75/125 YEARS

Assessing the Accuracy of Using Exemplars in Molecular Studies: The Pitfalls of Incomplete Taxon Sampling

MEYER, Christopher P., Museum of Paleontology and Dept. of Integrative Biology, Univ. of California, Berkeley, CA 94720-4780

Phylogenies provide evolutionary biologists with a framework to test evolutionary hypotheses. However, it is well known through simulation studies that phylogenies based on molecular sequence data are susceptible to erroneous hypotheses of relationships and that taxon sampling has a major influence in accurately assessing relationships. This study provides an empirical example of how using exemplars (single taxon representatives from monophyletic lineages) leads to incongruent phylogenies. A data set of two mitochondrial gene sequences (COI and 16S) from 135 cypraeid species representing 40 monophyletic groups was used to investigate the role of taxon sampling. 300 taxonomic sets were constructed by randomly selecting one taxon from each of the 40 clades. Heuristic searches were completed for each of the 300 taxonomic sets under five weighting schemes to explore the effects of transition: transversion bias.
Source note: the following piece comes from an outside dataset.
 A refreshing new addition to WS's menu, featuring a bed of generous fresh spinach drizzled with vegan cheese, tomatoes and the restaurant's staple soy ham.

The resulting topologies were collected and compared to each other by both the tree comparison method of symmetric distance and consensus methods.
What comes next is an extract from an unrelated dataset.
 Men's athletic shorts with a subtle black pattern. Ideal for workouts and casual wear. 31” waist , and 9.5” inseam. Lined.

The expectation that each taxonomic set should result in identical topologies was not met. Disturbingly, analyses that failed to take into account transition:transversion bias lacked resolution at 50% congruence. Accuracy, measured as a comparison to the topology generated when all taxa were included, was maximized at a Ti:Tv bias of 5:1, but fell off as weighting increased. These results strongly support the need for increased taxon sampling in molecular phylogenies. Effective sampling strategies should strive to break up long branches, decrease overall lambda (l), and increase the evenness of branch lengths in tree topologies. Additionally, the role that morphology can contribute to increasing the robustness of phylogenetic estimations cannot be neglected.